Easy upgrades and optimised availability

With increasing pressure and dependence on IT capacity, UPS planning should provide for future upgrades. For traditional UPS's, these mean extra space and costly cabling, with the system taken off-line during the work. A modular UPS eliminates these delays and costs because it comprises a rack containing a set of plug-in modules that can easily be replaced to meet growing critical load requirements. Extra capacity can be achieved simply by swapping, say, three 20 kVA modules for three 30 kVA versions. Provided the UPS’s frame and associated cabling distribution is adequate, this upgrade requires little time or cost, no extra floor space requirement and no interruption to the load.

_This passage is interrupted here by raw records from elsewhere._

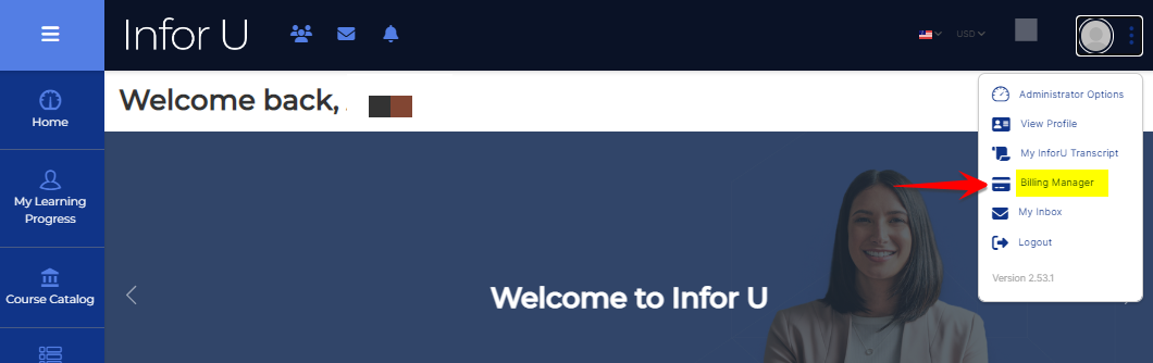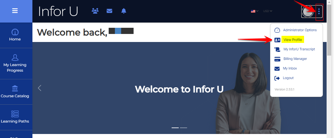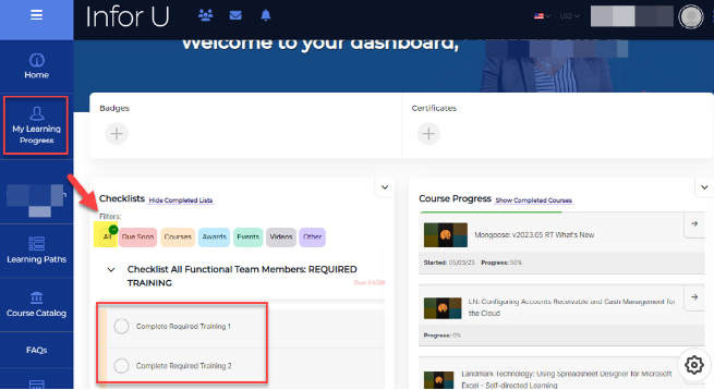 On the left-hand side navigation panel you can see “My Learning Progress” where you will find display of the courses you are enrolled in, assigned, courses in progress, and completed courses.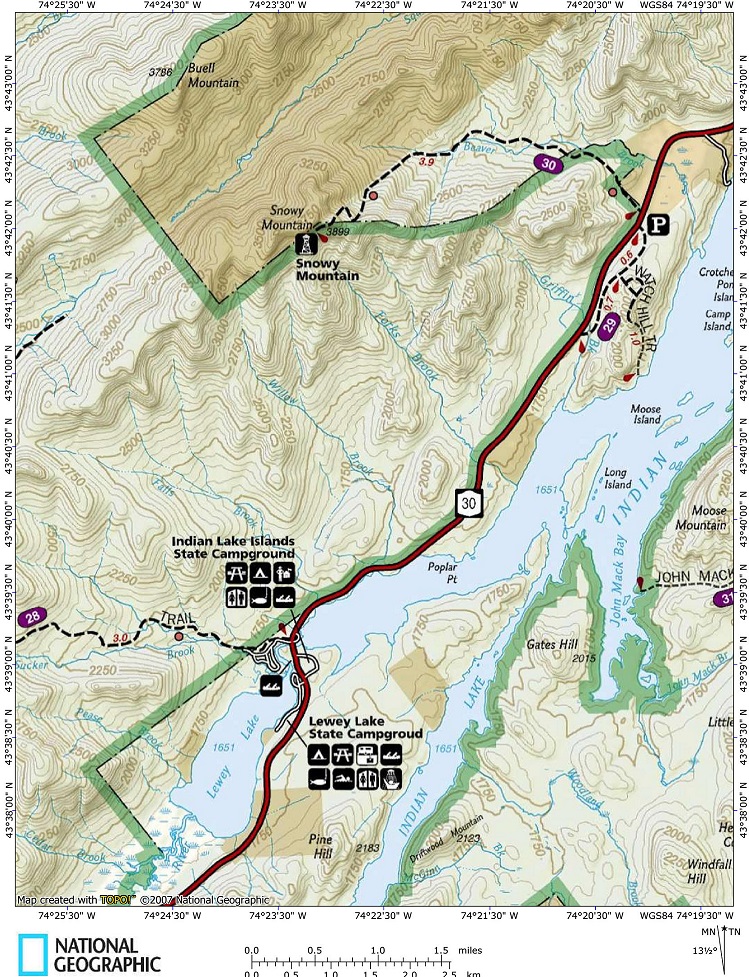 The trailhead for Snowy Mountain is on NY 30 south of the town of Indian Lake, just to the north of Lewey Lake State Campground. It is a hike of about 3.8 miles one way with an elevation gain of over 2000 feet. The first about 2.4 miles is a pleasant walk in the woods along a stream. You cross the stream several times while climbing 600+ feet in the process. The stream crossings on this trail should give hikers no problems in the dry parts of summer and the fall, and it is no problem during the frozen part of winter, but it could be a problem during the snowmelt runoff of spring.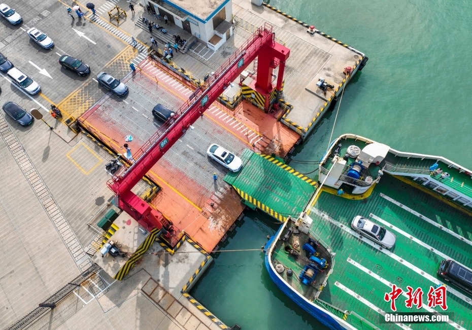 8月16日,海南首批870名健康管理驛站滯留旅客、152輛自駕車在??谛潞8鄞a頭乘船踏上離島返程之旅。當(dāng)日,??谑薪煌ǜ酆讲块T共安排6艘次出島船舶運(yùn)送健康管理驛站內(nèi)符合出島條件旅客,預(yù)留2艘次船舶作為備用運(yùn)力。圖為在??谛潞8圯喍纱a頭,符合離島要求的滯留自駕車輛排隊(duì)登上“??诰盘?hào)”輪船。(無(wú)人機(jī)照片) 中新社記者 駱云飛 攝

This article has to show the factors to consider when calculating a UPS system’s true cost of ownership. It also reveals why an advanced modular system ultimately costs less to own than a transformer-based equivalent, even if its initial purchase price is higher. Additionally, it’s worth remembering that as well as these costs savings, the modular topology wins on the most fundamental expectation of a UPS – its availability. Hot-swapping of modules as described cuts Mean Time To Repair (MTTR) from 6 hours to 30 minutes, so modular systems make an availability of 0.999999 (Six Nines) a reality.